* Problem to work on
Would you repeat the listing exactly but omit every picture?

* Provided data
====

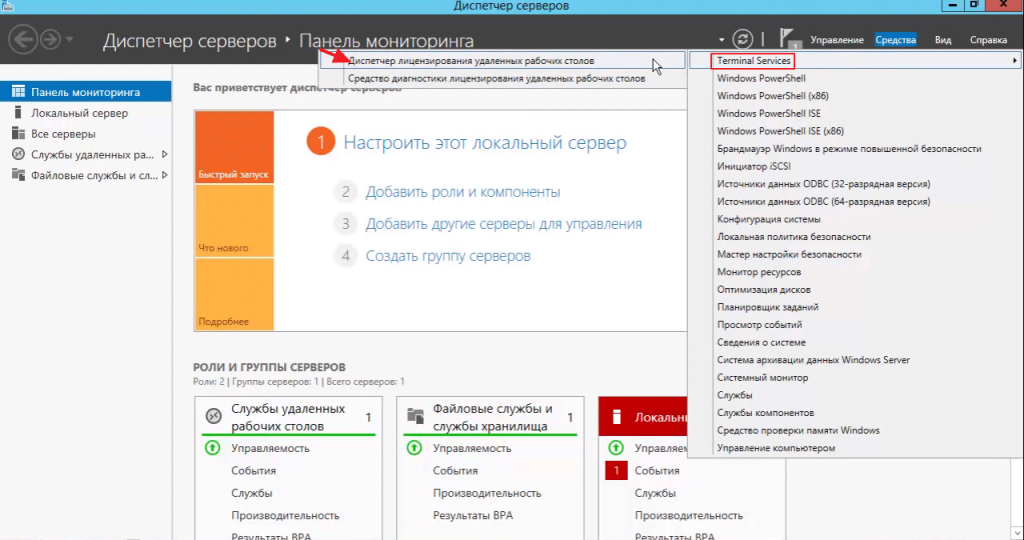 Открываем «Диспетчер серверов» затем в верхнем меню ищем вкладку «Средства» затем «Terminal Services» и в завершении «Диспетчер лицензирования удаленных рабочих столов»
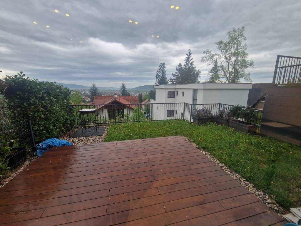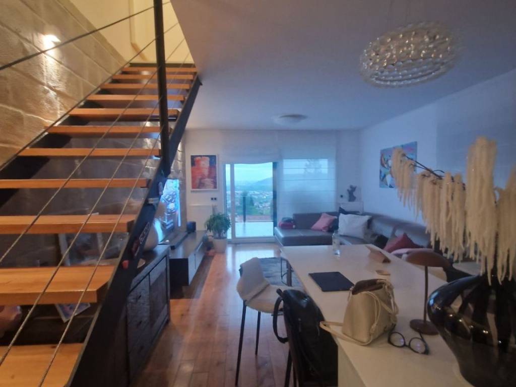 Prodaje se lijep više-etažni 5sobni stan u novijoj zgradi (2014 g). Stan se proteže na tri etaže i ukupne je obračunske površine oko 210m2, prostran je i moderno uređen te može funkcionirati kao kuća budući ima vlastiti ulaz, okućnicu i vrt te stanari imaju osjećaj apsolutne izdvojenosti. Zgrada je smještena u mirnoj i slijepoj ulici na svega 5 minuta hoda od strogog centra, a smještena je na odličnoj poziciji tako da iz stana puca predivan pogled. Stan se sastoji od tri etaže, odnosno na prvoj etaži je predsoblje, velika kuhinja s blagovaonom, dnevna soba s izlazom na terasu, na etaži iznad je spavaći dio s tri spavaće sobe i kupaonom, treća etaža, najdonja se sastoji od velike ljetne kuhinje i blagovaone, male radne sobe, kupaone i vešeraja, te ostave. Iz blagovaone se izlazi na veliki vrt veličine 130 m2. PARKIRANJE: Stanu pripada garaža i parkirno mjesto. RASPOLOŽIVOST: stan je raspoloživ u roku mjesec dana. VLASNIŠTVO: stan je upisan u zemljišne knjige i moguća je kupnja kreditom banke.
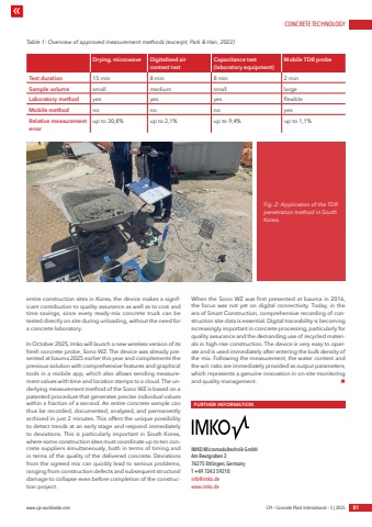 CONCRETE TECHNOLOGYwww.cpi-worldwide.com CPI %u2013 Concrete Plant International %u2013 5 | 2025 81entire construction sites in Korea, the device makes a significant contribution to quality assurance as well as to cost and time savings, since every ready-mix concrete truck can be tested directly on site during unloading, without the need for a concrete laboratory.In October 2025, Imko will launch a new wireless version of its fresh concrete probe, Sono WZ. The device was already presented at bauma 2025 earlier this year and complements the previous solution with comprehensive features and graphical tools in a mobile app, which also allows sending measurement values with time and location stamps to a cloud. The underlying measurement method of the Sono WZ is based on a patented procedure that generates precise individual values within a fraction of a second. An entire concrete sample can thus be recorded, documented, analyzed, and permanently archived in just 2 minutes. This offers the unique possibility to detect trends at an early stage and respond immediately to deviations. This is particularly important in South Korea, where some construction sites must coordinate up to ten concrete suppliers simultaneously, both in terms of timing and in terms of the quality of the delivered concrete. Deviations from the agreed mix can quickly lead to serious problems, ranging from construction defects and subsequent structural damage to collapse even before completion of the construction project.When the Sono WZ was first presented at bauma in 2016, the focus was not yet on digital connectivity. Today, in the era of Smart Construction, comprehensive recording of construction site data is essential. Digital traceability is becoming increasingly important in concrete processing, particularly for quality assurance and the demanding use of recycled materials in high-rise construction. The device is very easy to operate and is used immediately after entering the bulk density of the mix. Following the measurement, the water content and the w/c ratio are immediately provided as output parameters, which represents a genuine innovation in on-site monitoring and quality management. nFURTHER INFORMATIONIMKO Micromodultechnik GmbHAm Reutgraben 276275 Ettlingen, GermanyT +49 7243 59210info@imko.dewww.imko.deFig. 2: Application of the TDR penetration method in South Korea.Table 1: Overview of approved measurement methods (excerpt; Park & Han, 2022)Drying, microwave Digitalised air content testCapacitance test (laboratory equipment)Mobile TDR probeTest duration 15 min 8 min 8 min 2 minSample volume small medium small largeLaboratory method yes yes yes flexibleMobile method no no no yesRelative measurement error up to 30,8% up to 2,1% up to 9,4% up to 1,1%

====

* Exercise result
 Открываем «Диспетчер серверов» затем в верхнем меню ищем вкладку «Средства» затем «Terminal Services» и в завершении «Диспетчер лицензирования удаленных рабочих столов»
 Prodaje se lijep više-etažni 5sobni stan u novijoj zgradi (2014 g). Stan se proteže na tri etaže i ukupne je obračunske površine oko 210m2, prostran je i moderno uređen te može funkcionirati kao kuća budući ima vlastiti ulaz, okućnicu i vrt te stanari imaju osjećaj apsolutne izdvojenosti. Zgrada je smještena u mirnoj i slijepoj ulici na svega 5 minuta hoda od strogog centra, a smještena je na odličnoj poziciji tako da iz stana puca predivan pogled. Stan se sastoji od tri etaže, odnosno na prvoj etaži je predsoblje, velika kuhinja s blagovaonom, dnevna soba s izlazom na terasu, na etaži iznad je spavaći dio s tri spavaće sobe i kupaonom, treća etaža, najdonja se sastoji od velike ljetne kuhinje i blagovaone, male radne sobe, kupaone i vešeraja, te ostave. Iz blagovaone se izlazi na veliki vrt veličine 130 m2. PARKIRANJE: Stanu pripada garaža i parkirno mjesto. RASPOLOŽIVOST: stan je raspoloživ u roku mjesec dana. VLASNIŠTVO: stan je upisan u zemljišne knjige i moguća je kupnja kreditom banke.
 CONCRETE TECHNOLOGYwww.cpi-worldwide.com CPI %u2013 Concrete Plant International %u2013 5 | 2025 81entire construction sites in Korea, the device makes a significant contribution to quality assurance as well as to cost and time savings, since every ready-mix concrete truck can be tested directly on site during unloading, without the need for a concrete laboratory.In October 2025, Imko will launch a new wireless version of its fresh concrete probe, Sono WZ. The device was already presented at bauma 2025 earlier this year and complements the previous solution with comprehensive features and graphical tools in a mobile app, which also allows sending measurement values with time and location stamps to a cloud. The underlying measurement method of the Sono WZ is based on a patented procedure that generates precise individual values within a fraction of a second. An entire concrete sample can thus be recorded, documented, analyzed, and permanently archived in just 2 minutes. This offers the unique possibility to detect trends at an early stage and respond immediately to deviations. This is particularly important in South Korea, where some construction sites must coordinate up to ten concrete suppliers simultaneously, both in terms of timing and in terms of the quality of the delivered concrete. Deviations from the agreed mix can quickly lead to serious problems, ranging from construction defects and subsequent structural damage to collapse even before completion of the construction project.When the Sono WZ was first presented at bauma in 2016, the focus was not yet on digital connectivity. Today, in the era of Smart Construction, comprehensive recording of construction site data is essential. Digital traceability is becoming increasingly important in concrete processing, particularly for quality assurance and the demanding use of recycled materials in high-rise construction. The device is very easy to operate and is used immediately after entering the bulk density of the mix. Following the measurement, the water content and the w/c ratio are immediately provided as output parameters, which represents a genuine innovation in on-site monitoring and quality management. nFURTHER INFORMATIONIMKO Micromodultechnik GmbHAm Reutgraben 276275 Ettlingen, GermanyT +49 7243 59210info@imko.dewww.imko.deFig. 2: Application of the TDR penetration method in South Korea.Table 1: Overview of approved measurement methods (excerpt; Park & Han, 2022)Drying, microwave Digitalised air content testCapacitance test (laboratory equipment)Mobile TDR probeTest duration 15 min 8 min 8 min 2 minSample volume small medium small largeLaboratory method yes yes yes flexibleMobile method no no no yesRelative measurement error up to 30,8% up to 2,1% up to 9,4% up to 1,1%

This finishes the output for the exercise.